I have a new essay at Catapult called “Teshima: On Hearing Loss, My Son, and the Sea“. It’s about my sudden onset single-sided deafness, my son’s heartbeat, languages, art, and the legend of the Japanese shark goddess Princess Toyotama. I’m very, very proud of this piece and I think it’s the best thing I’ve yet written, so I do hope you’ll read it and enjoy it (it’s also my first time to get a professional pay rate as a writer, so I am excited about that, too).
For a long time I’d been trying to write stories about my hearing loss, the overwhelming joy my son gives me, the Princess Toyotama myth, and my life as an English teacher in the Japanese island town of Toyotama (particularly how I communicated with my elementary students through playing), but I never quite found the right way to start them. Then we went to the Heart Archives on Teshima and all those strands wove themselves together.
In the essay, I tried to mimic the uncanny echoes I felt on Teshima, the way the Heart Archives felt so similar to the audiologist office where I had my hearing tested, the clinic where we first heard our son’s heartbeat, and to Shinto shrines with their inner-sanctums and sacred mirrors. And the way Teshima felt so much like Toyotama-town to me, and the feeling of connection I felt when I discovered–at the brilliant artist Sputniko!’s hyper-pop mythology “Teshima 8 Million Lab” installation–that Teshima is also named after Princess Toyotama (Toyotama is 豊玉 in Japanese, literally ‘bountiful jewel.’ Teshima is written 豊島, which literally means ‘bountiful island’ but could also be read to mean ‘Toyotama’s Island’). Not to mention the pure joy of simply holding my son in my arms, and seeing and hearing his heartbeat turned into light, music, and art.
I’ve often said that my short story “How I Defeated the Tolkien Estate” at The Toast is my brain in written form: it’s a perfect distillation of my humor; my personality; geeky obsessions with Tolkien, fantasy, linguistics, storytelling, and meta-narratives; as well as being a satirical take on my time as a graduate student at the University of Chicago.
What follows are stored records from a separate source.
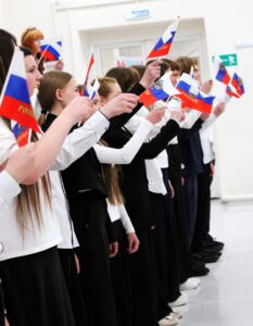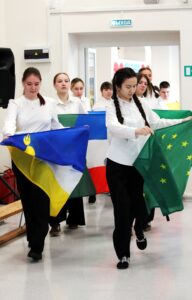 Они развернули флаги всех республик Российской Федерации, символизируя наше многообразие и единство. Все исполнили гимн, объединивший нас в едином порыве.
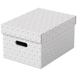 Sada tří středních lepenkových úložných boxů s moderním a stylovým geometrickým designem Ideální pro ukládání dokumentů, hraček, knih a dalších drobností Lze použít samostatně nebo uložit na polici Díky …
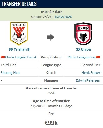 德转显示,陕西联合签下山东泰山B队后卫孟繁宁的转会费约80万人民币。
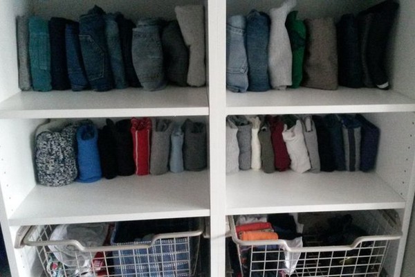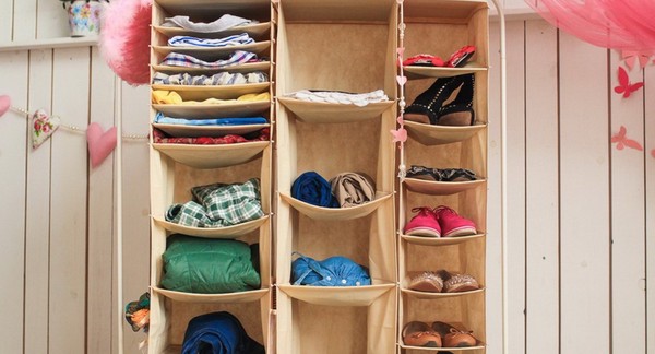Если хотите убрать вещи на зиму и хранить стопками, складывайте тяжелые трикотажные платья, юбки и футболки вниз, а легкие синтетические шорты и майки наверх – это уменьшит деформацию ткани. Если же хотите спрятать коробки с кроссовками и кедами, храните их под кроватью или уберите на шкаф.
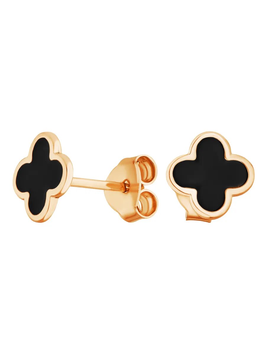Серьги-пусеты серебряные 925 пробы в позолоте Клевер, сережки-гвоздики Четырехлистник с черной эмалью, ср.вес изделия 0,9 гр, арт. 2027944/91пчг
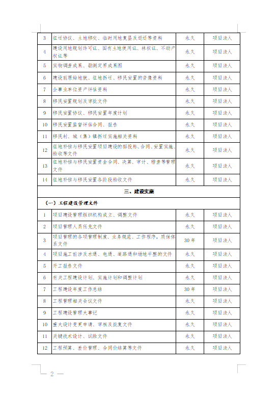 水利工程建设项目文件归档范围和档案保管期限表
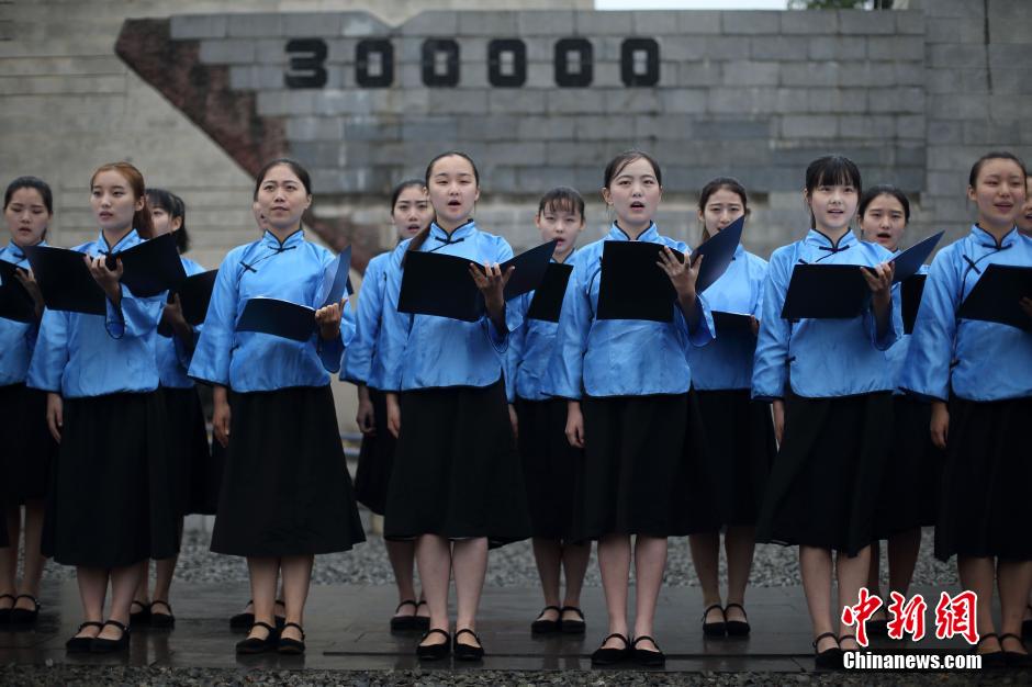 9月18日,侵華日軍南京大屠殺遇難同胞紀(jì)念館悼念廣場上,南京曉莊學(xué)院新聞傳播學(xué)院的34名大學(xué)生身著上世紀(jì)一二十年代的學(xué)生裝,在“勿忘九一八”南京青少年詩歌朗誦會(huì)暨“勿忘國恥·圓夢中華”朗誦比賽啟動(dòng)儀式上朗誦《松花江上》、《南京!南京!》等詩歌。當(dāng)日是“九一八事變”83周年,中國各地紛紛舉辦各種形式的紀(jì)念活動(dòng)。中新社發(fā) 泱波 攝
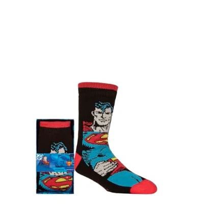 Why can’t keeping your feet warm be fun as well? No need for boring slippers when, like Clark Kent, you can come home, get out of your everyday footwear and change into… Super-Relaxed Guy (and no need to jump into a phone booth to do it!) These SOCKSHOP DC Superman Gift Boxed Slipper Socks will keep your feet super-warm and cosy, because they’re fully lined with Sherpa fleece, creating their very own thermal super powers! Our SOCKSHOP DC Superman Gift Boxed Slipper Socks pull up to crew length for warm feet and ankles, and have a knitted outer with a dynamic, full length, full colour Superman image. Silicone dot grips on the soles create an anti-slip tread that will keep you safely, securely anchored to slippy surfaces like tiles and laminate floors. The slipper socks come in their own gift box too, making them ideal as a present to treat someone to.
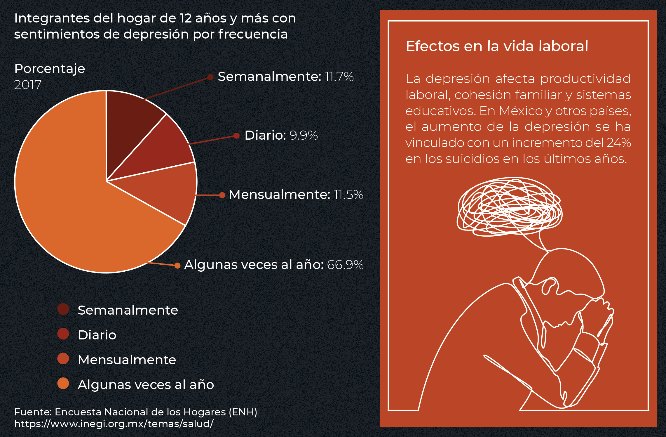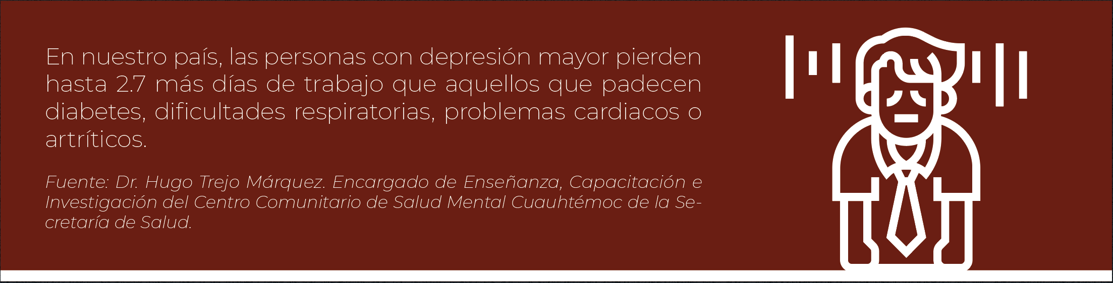 En México, de acuerdo con datos de la Secretaría de Salud del gobierno federal, 3.6 millones de adultos la padecen; el 1 % de esta cantidad son casos severos. Esta condición se caracteriza principalmente por disminución del estado de ánimo, sentimientos de tristeza, dificultad de concentración y alteraciones en el sueño y apetito. Puede suceder que estos síntomas se somatizan y se convierten en dolor, hormigueo o rigidez muscular.

“Teshima” then is my heart: a love letter to my son, my wife (whose beautiful photo from Teshima heads the essay), art installations, the sea, my students in Japan, Teshima, and Toyotama–both the town where I lived and the goddess whose legend resonates with me (Princess Toyotama is said to be goddess of the sea and of international exchange; and in the legend she is a foreigner on land and her native shape–a shark, dragon, or crocodile, depending on the translation–frightens her earth-deity husband. As a foreign teacher living in Toyotama-town, whose appearance sometimes scared young children to tears, I could relate).
The two pieces are very different, but I think of them as linked, like two sides of the same coin. One fiction, the other non-fiction. One my brain, the other my heart. One grad school, the other my time in Japan. And they’re both culminations of the two kinds of stories I’ve always wanted to write well: the satirical and the lyrical. They’re too short to form a book, but I’d love to someday publish them together in some form.
There’s still so many stories and books I want to write, but I feel a great satisfaction in knowing I’ve written and published those two pieces, my brain and my heart.